▸ Action item: Make an exact copy, from the records below, of the lines from the line containing "This daguerreotype, a" to the line containing "ETRP metabolism fluxes.", both lines included, excluding pictures.

▸ Dataset entries:
--- --- ---

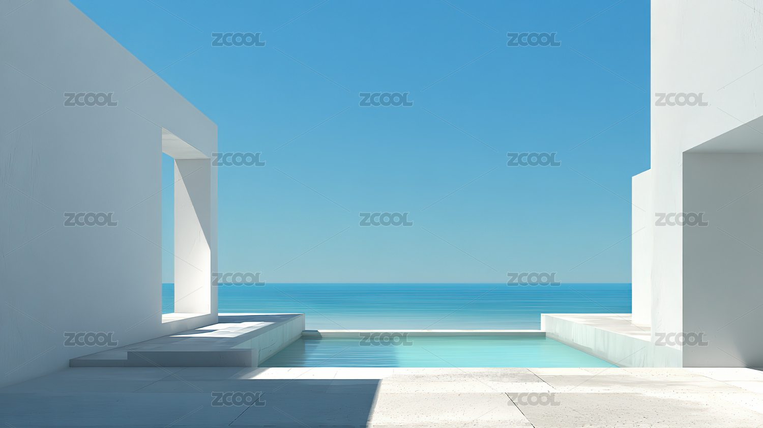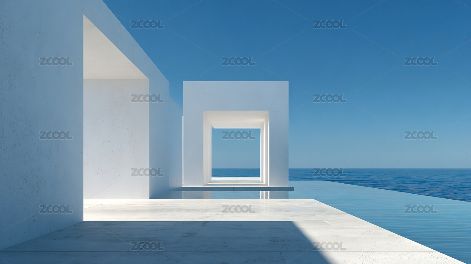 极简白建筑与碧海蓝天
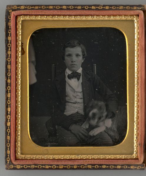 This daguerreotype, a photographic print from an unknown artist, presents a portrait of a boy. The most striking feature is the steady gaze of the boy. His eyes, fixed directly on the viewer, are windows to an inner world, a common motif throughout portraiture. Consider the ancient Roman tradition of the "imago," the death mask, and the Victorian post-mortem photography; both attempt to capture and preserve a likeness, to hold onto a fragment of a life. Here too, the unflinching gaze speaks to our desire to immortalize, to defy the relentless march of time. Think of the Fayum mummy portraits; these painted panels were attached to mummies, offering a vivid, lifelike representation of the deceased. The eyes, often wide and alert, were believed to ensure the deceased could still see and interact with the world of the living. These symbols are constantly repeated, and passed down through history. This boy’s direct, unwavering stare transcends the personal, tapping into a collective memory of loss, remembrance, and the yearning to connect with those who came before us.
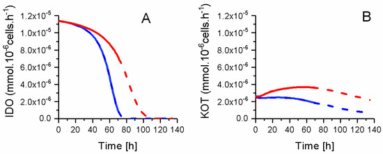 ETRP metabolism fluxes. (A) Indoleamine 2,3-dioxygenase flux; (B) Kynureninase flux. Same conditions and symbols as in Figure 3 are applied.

--- --- ---

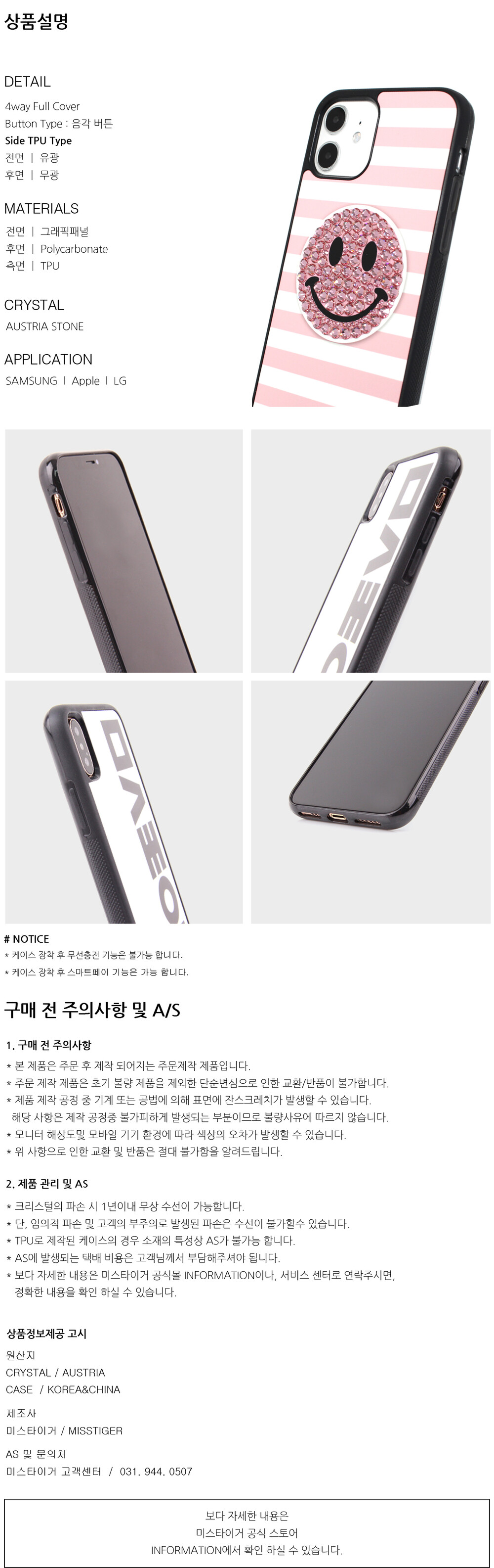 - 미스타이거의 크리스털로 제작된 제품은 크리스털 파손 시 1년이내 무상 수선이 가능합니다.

--- --- ---

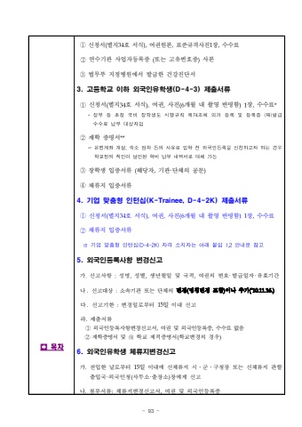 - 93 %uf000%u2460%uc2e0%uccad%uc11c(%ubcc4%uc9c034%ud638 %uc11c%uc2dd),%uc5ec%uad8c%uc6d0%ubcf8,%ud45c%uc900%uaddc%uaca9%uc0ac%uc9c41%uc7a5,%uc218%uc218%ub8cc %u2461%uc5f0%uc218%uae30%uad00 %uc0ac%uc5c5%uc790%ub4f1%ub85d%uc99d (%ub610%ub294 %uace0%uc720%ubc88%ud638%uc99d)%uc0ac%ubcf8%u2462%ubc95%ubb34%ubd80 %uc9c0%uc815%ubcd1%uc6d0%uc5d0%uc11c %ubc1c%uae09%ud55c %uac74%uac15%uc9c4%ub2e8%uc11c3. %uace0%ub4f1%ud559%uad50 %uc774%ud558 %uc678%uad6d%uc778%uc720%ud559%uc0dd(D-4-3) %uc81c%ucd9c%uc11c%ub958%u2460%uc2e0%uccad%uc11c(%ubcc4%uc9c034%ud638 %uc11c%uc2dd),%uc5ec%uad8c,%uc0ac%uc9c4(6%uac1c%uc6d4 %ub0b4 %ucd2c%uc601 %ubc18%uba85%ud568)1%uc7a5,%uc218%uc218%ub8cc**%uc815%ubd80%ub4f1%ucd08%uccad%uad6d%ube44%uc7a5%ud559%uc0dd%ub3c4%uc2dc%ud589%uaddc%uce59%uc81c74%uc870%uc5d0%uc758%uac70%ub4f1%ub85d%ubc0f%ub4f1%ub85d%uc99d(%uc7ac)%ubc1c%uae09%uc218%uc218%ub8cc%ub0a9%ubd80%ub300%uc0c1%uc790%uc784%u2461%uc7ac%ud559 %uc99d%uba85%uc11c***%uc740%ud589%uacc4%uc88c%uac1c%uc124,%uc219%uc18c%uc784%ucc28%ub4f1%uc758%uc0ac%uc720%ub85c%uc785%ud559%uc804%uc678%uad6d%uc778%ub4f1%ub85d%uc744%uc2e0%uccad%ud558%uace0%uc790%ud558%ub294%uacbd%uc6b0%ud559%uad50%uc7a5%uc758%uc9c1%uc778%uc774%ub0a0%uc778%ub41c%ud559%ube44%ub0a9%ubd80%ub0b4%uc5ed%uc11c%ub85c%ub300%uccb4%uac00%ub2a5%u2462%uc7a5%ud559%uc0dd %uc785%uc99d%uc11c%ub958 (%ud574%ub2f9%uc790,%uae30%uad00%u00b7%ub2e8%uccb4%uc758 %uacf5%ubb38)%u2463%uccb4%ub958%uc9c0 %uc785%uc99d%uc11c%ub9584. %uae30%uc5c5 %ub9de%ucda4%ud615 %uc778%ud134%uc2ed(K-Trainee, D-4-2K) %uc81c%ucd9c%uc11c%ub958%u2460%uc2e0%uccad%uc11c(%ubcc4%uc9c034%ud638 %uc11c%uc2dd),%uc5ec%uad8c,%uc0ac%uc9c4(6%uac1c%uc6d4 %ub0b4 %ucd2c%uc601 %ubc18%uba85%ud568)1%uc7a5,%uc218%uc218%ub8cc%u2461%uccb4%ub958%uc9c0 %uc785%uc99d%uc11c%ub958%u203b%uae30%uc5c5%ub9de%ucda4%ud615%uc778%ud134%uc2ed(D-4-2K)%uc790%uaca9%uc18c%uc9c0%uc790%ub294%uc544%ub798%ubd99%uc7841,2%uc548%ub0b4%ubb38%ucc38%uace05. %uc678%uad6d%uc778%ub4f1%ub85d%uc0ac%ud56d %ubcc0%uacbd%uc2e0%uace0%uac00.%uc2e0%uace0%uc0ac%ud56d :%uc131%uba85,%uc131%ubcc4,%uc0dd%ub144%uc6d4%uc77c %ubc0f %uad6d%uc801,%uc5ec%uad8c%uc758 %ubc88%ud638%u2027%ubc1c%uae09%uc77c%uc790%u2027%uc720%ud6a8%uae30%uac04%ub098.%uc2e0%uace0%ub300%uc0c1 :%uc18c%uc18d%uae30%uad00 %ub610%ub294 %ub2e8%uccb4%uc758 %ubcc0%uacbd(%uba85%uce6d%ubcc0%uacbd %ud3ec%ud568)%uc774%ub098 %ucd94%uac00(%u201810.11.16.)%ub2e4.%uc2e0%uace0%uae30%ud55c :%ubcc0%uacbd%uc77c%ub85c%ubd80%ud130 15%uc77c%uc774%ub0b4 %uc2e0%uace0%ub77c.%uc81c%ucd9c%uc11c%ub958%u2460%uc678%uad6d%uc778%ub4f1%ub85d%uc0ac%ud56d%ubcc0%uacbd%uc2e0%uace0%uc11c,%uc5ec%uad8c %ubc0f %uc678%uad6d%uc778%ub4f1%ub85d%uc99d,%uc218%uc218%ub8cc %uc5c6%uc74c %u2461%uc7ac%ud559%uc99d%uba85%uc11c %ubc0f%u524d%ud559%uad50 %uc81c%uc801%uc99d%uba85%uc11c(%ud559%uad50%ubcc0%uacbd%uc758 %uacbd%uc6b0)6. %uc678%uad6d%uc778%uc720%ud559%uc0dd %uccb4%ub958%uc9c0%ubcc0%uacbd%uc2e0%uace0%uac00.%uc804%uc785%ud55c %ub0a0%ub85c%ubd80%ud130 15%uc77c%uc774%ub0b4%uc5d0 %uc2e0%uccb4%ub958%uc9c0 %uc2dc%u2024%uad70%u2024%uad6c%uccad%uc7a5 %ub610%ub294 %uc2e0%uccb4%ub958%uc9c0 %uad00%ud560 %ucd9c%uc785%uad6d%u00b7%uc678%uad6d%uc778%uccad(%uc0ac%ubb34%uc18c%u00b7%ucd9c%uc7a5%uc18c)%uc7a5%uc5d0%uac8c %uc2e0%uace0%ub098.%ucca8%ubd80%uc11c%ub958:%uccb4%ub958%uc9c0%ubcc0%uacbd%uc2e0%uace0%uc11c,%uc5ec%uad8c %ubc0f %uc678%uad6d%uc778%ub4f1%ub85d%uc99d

--- --- ---

▸ Answer for this exercise:
 This daguerreotype, a photographic print from an unknown artist, presents a portrait of a boy. The most striking feature is the steady gaze of the boy. His eyes, fixed directly on the viewer, are windows to an inner world, a common motif throughout portraiture. Consider the ancient Roman tradition of the "imago," the death mask, and the Victorian post-mortem photography; both attempt to capture and preserve a likeness, to hold onto a fragment of a life. Here too, the unflinching gaze speaks to our desire to immortalize, to defy the relentless march of time. Think of the Fayum mummy portraits; these painted panels were attached to mummies, offering a vivid, lifelike representation of the deceased. The eyes, often wide and alert, were believed to ensure the deceased could still see and interact with the world of the living. These symbols are constantly repeated, and passed down through history. This boy’s direct, unwavering stare transcends the personal, tapping into a collective memory of loss, remembrance, and the yearning to connect with those who came before us.
 ETRP metabolism fluxes. (A) Indoleamine 2,3-dioxygenase flux; (B) Kynureninase flux. Same conditions and symbols as in Figure 3 are applied.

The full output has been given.